Note:
This topic has been translated from a Chinese forum by GPT and might contain errors.
Original topic: tikv-ctl
[TiDB Usage Environment] Production Environment
[TiDB Version] V5.2.1
[Reproduction Path] The disk capacity of a certain TiKV node exceeded 90%. After performing two expansion operations (adding two new nodes), one of the newly added nodes was scaled down before the peers were fully balanced.

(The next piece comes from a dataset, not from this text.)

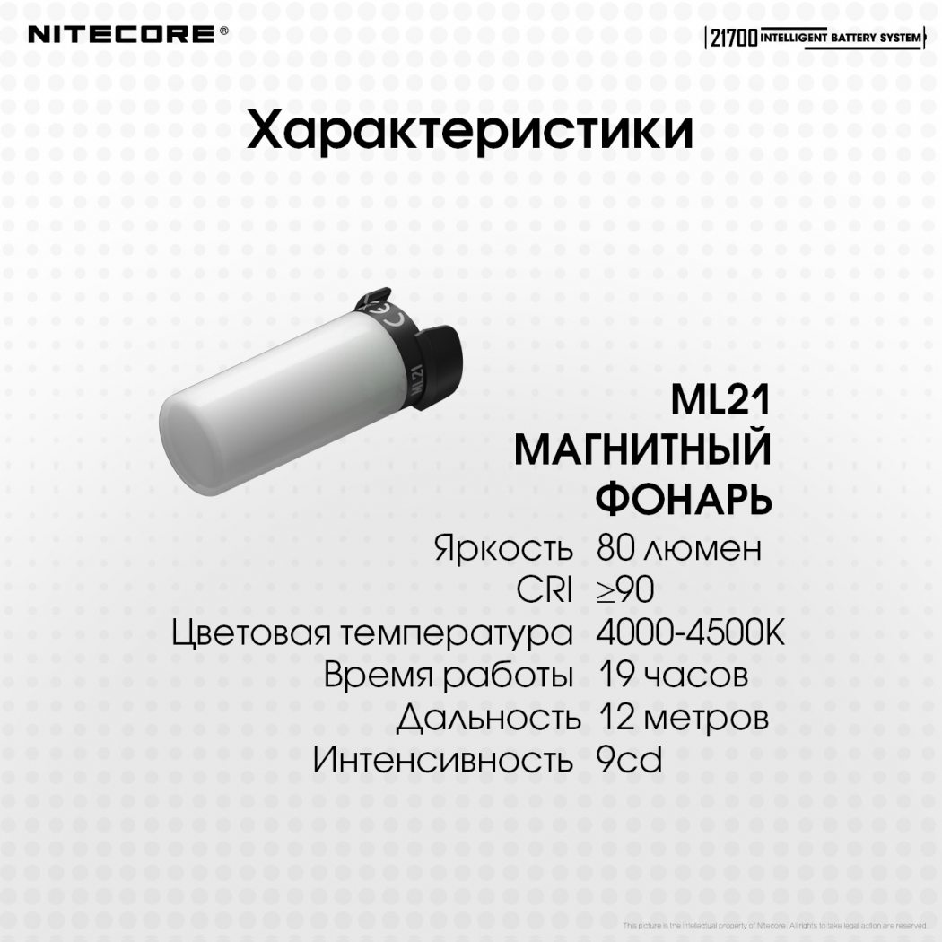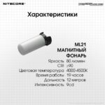 Фонарь магнитный Nitecore ML21 (80 люмен, 1 режим, 1×21700)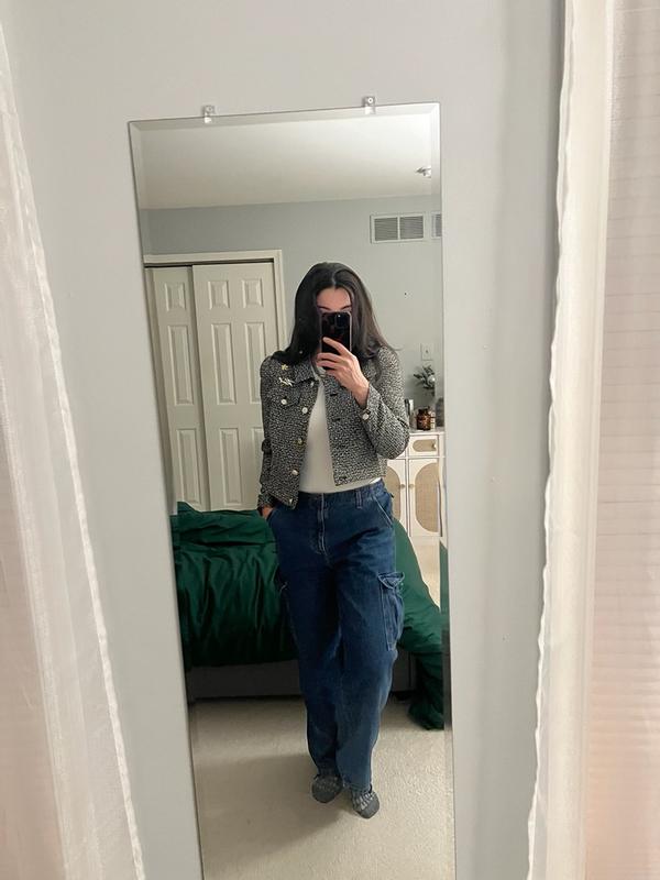 This jacket is super nice. The material is a nice textured tweed that feels thick and expensive. The jacket is lined with a black silk-like material. I love the little details like the pins on the jacket and the different buttons. It is perfect for dressing up for a holiday party or dressing down with jeans and some sneakers for a more casual look. One thing is I would size up. I had sized up to get an oversized fit and it ended up fitting perfectly just as an fyi. Other than that a very high quality jacket.

[Encountered Problem: Phenomenon and Impact]
The cluster is currently reading and writing normally, but the TiKV node that previously had over 90% disk capacity cannot be brought up.
From the images, it seems that the current node needs to execute a merge to generate a new peer, but the current node cannot be brought up.
[Resource Configuration] Go to TiDB Dashboard - Cluster Info - Hosts and take a screenshot of this page
[Attachments: Screenshots/Logs/Monitoring]
An alert should be triggered at 80%, why wait until 90? Compaction might not even be possible by then.
Observe the monitoring to see if the disk usage on this high-usage node is gradually recovering, and if the new node is receiving data.
This node is down, but the entire cluster is functioning normally for read and write operations . I’m not sure if we can forcibly take this node down.
Since it’s normal read and write, don’t think about using abnormal methods to handle it. You can try clearing the logs first to free up some space and see if the node can recover.
After pruning the Tombstone node (172.16.116.213:20182), the TiKV on the same host (172.16.116.213:20181) also went down.
After deleting the logs of Raft and RocksDB, it has now dropped below 80%, and it feels like it can’t start up on its own anymore.
For tea, it must be taken offline.
If there are no issues with taking it offline, we can proceed with scaling up again and reusing the resources.
I analyzed the data from the past few days and it seems there are no missing entries. I proceeded with the scale-down directly.
Try going offline and then online again.
This topic was automatically closed 60 days after the last reply. New replies are no longer allowed.